PROBLEM TO WORK ON - Without the images, output every record exactly as it appears.

Source data:
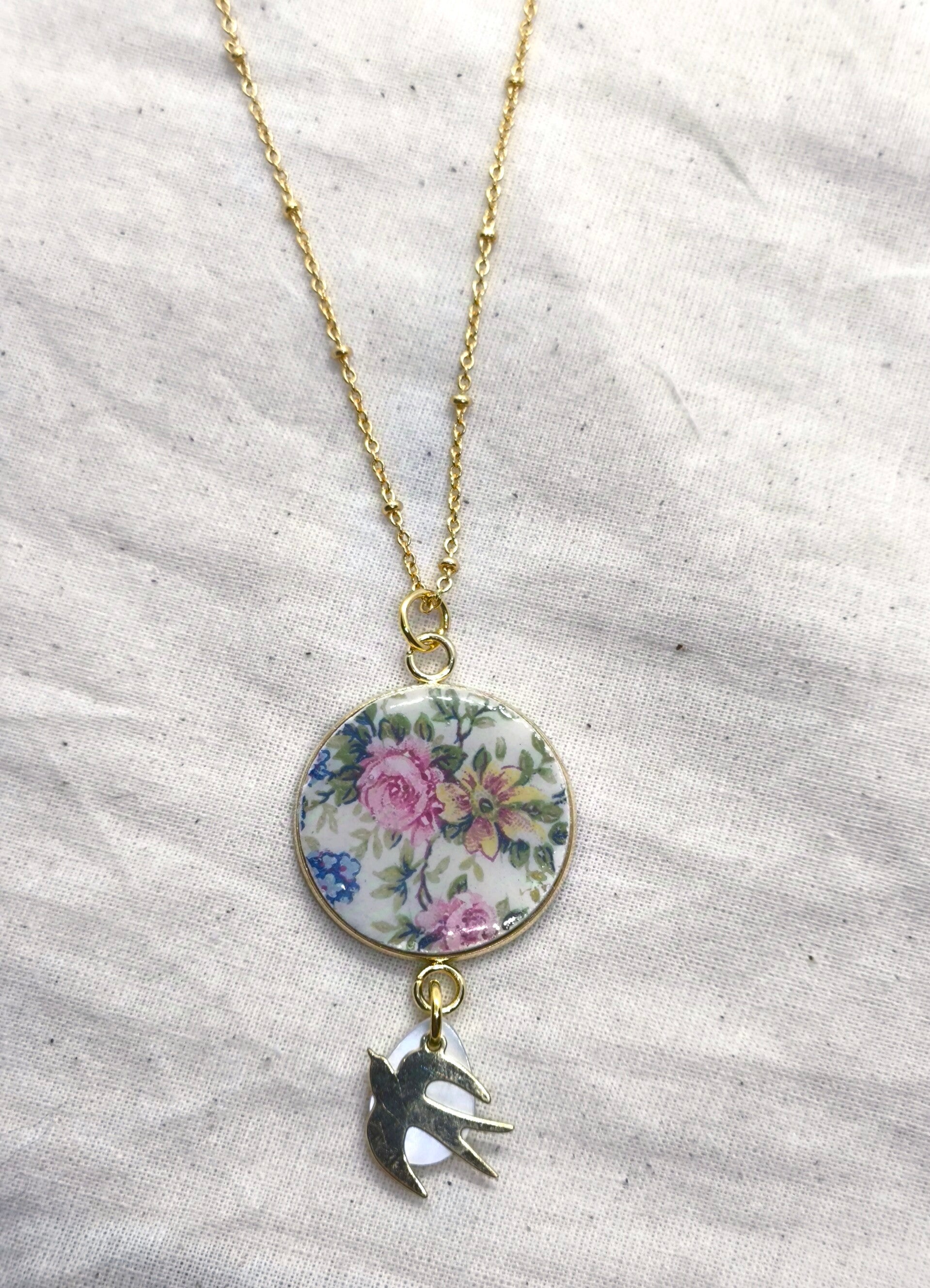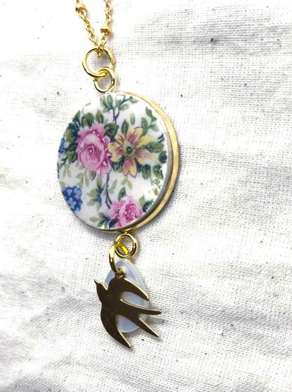 Collier Maryse , faïence anglaise Liberty recyclée, nacre et hirondelle dorée é
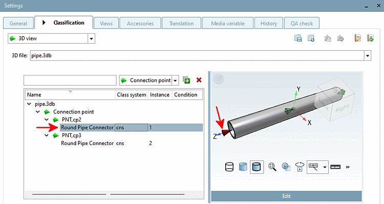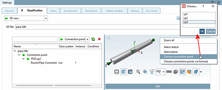 In practice, a large number of classifications are made using connection points (e.g. for pipe connections). See also Section 5.12.8, “ Classify standard parts for placement dialog ”.
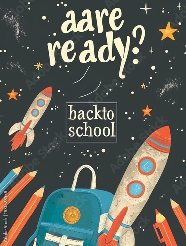 © Maxim Borbut, Naklejka premium School backpack on rocket. Education sketch on school chalkboard. Back to school creative concept background.
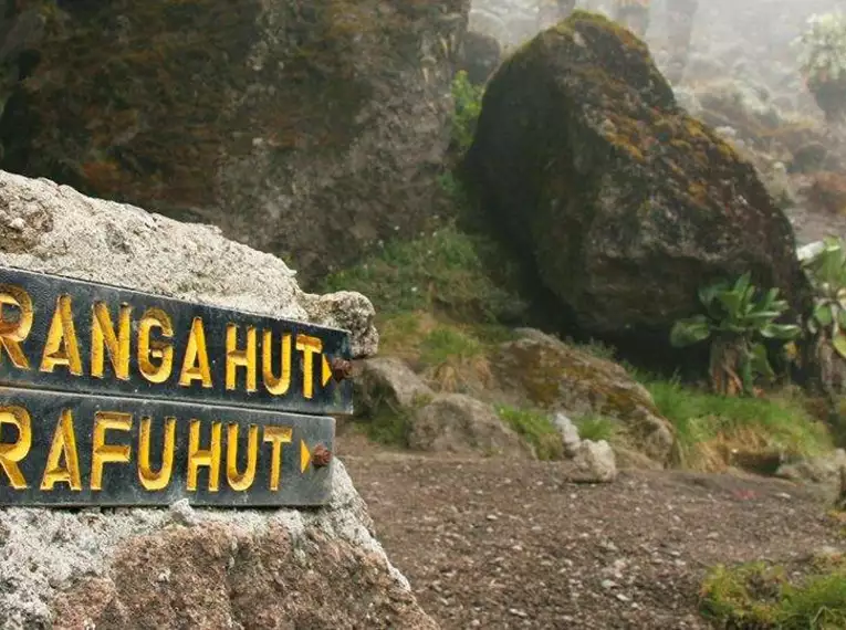 Die Fahrt zum Nationalpark Kilimanjaro nimmt ca. 45 Minuten in Anspruch. Sobald du den Parkplatz erreicht hast, sollten die finalen Vorbereitungen für den Aufstieg erledigt sein. Auch die Gepäckträger packen alles notwendige. Jetzt ist es wichtig, das letzte Mal den Tagesrucksack zu überprüfen. Sobald alle startklar sind, geht es durch den Regenwald auf einem kurvenreichen Pfad, welcher schlammig und rutschig sein kann (Gamaschen und Wanderstöcke nötig!) zur Machame Hütte. Das Camp, wo du übernachtest, befindet sich auf einer Höhe von 3.000 m.
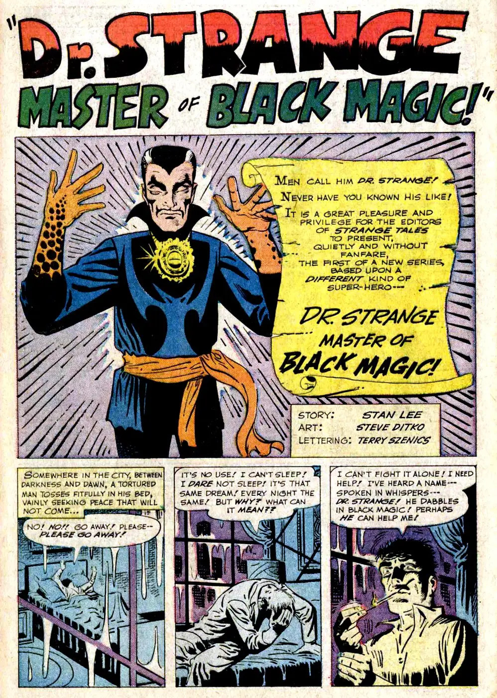 دیتکو در طراحی شخصیتها مهارت بالایی داشت و جای شگفتی نیست که نخستین لباس دکتر استرنج در چنین لیستی حاضر باشد. با این که نخستین پوشش استیون استرنج نسبت به لباس کلاسیک شناخته شدهاش کمتر زرق و برق داشت ولی استاندارد کم و بیش تمام پوششهای آتی را تعیین کرد.
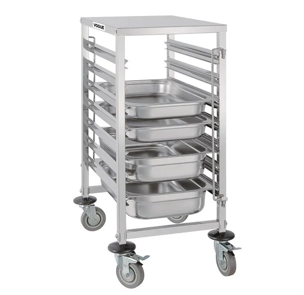 Seven shelves designed to hold 1/1 GN gastronorm pans securely
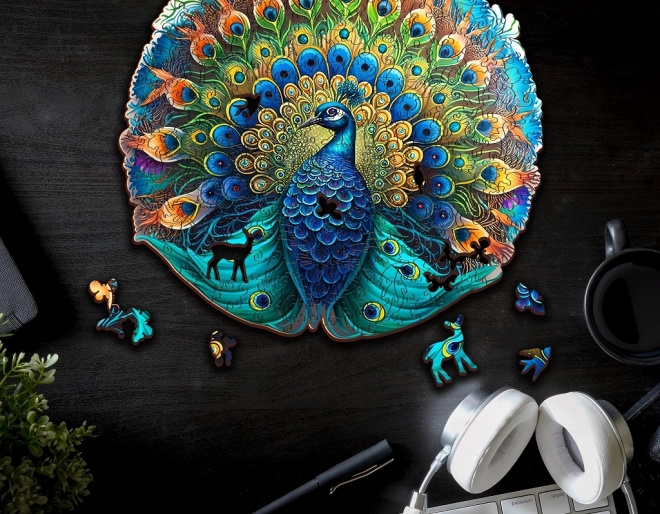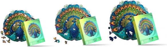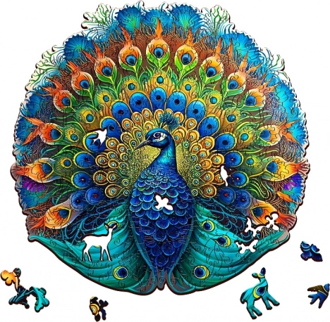 Toto drevené puzzle v podobe páva ohromí svojim nádherným dizajnom a živými farbami. Vďaka UV digitálnej tlači sú farby realistickejšie a uchvátia každého milovníka skladačiek.

TASK SOLUTION -
 Collier Maryse , faïence anglaise Liberty recyclée, nacre et hirondelle dorée é
 In practice, a large number of classifications are made using connection points (e.g. for pipe connections). See also Section 5.12.8, “ Classify standard parts for placement dialog ”.
 © Maxim Borbut, Naklejka premium School backpack on rocket. Education sketch on school chalkboard. Back to school creative concept background.
 Die Fahrt zum Nationalpark Kilimanjaro nimmt ca. 45 Minuten in Anspruch. Sobald du den Parkplatz erreicht hast, sollten die finalen Vorbereitungen für den Aufstieg erledigt sein. Auch die Gepäckträger packen alles notwendige. Jetzt ist es wichtig, das letzte Mal den Tagesrucksack zu überprüfen. Sobald alle startklar sind, geht es durch den Regenwald auf einem kurvenreichen Pfad, welcher schlammig und rutschig sein kann (Gamaschen und Wanderstöcke nötig!) zur Machame Hütte. Das Camp, wo du übernachtest, befindet sich auf einer Höhe von 3.000 m.
 دیتکو در طراحی شخصیتها مهارت بالایی داشت و جای شگفتی نیست که نخستین لباس دکتر استرنج در چنین لیستی حاضر باشد. با این که نخستین پوشش استیون استرنج نسبت به لباس کلاسیک شناخته شدهاش کمتر زرق و برق داشت ولی استاندارد کم و بیش تمام پوششهای آتی را تعیین کرد.
 Seven shelves designed to hold 1/1 GN gastronorm pans securely
 Toto drevené puzzle v podobe páva ohromí svojim nádherným dizajnom a živými farbami. Vďaka UV digitálnej tlači sú farby realistickejšie a uchvátia každého milovníka skladačiek.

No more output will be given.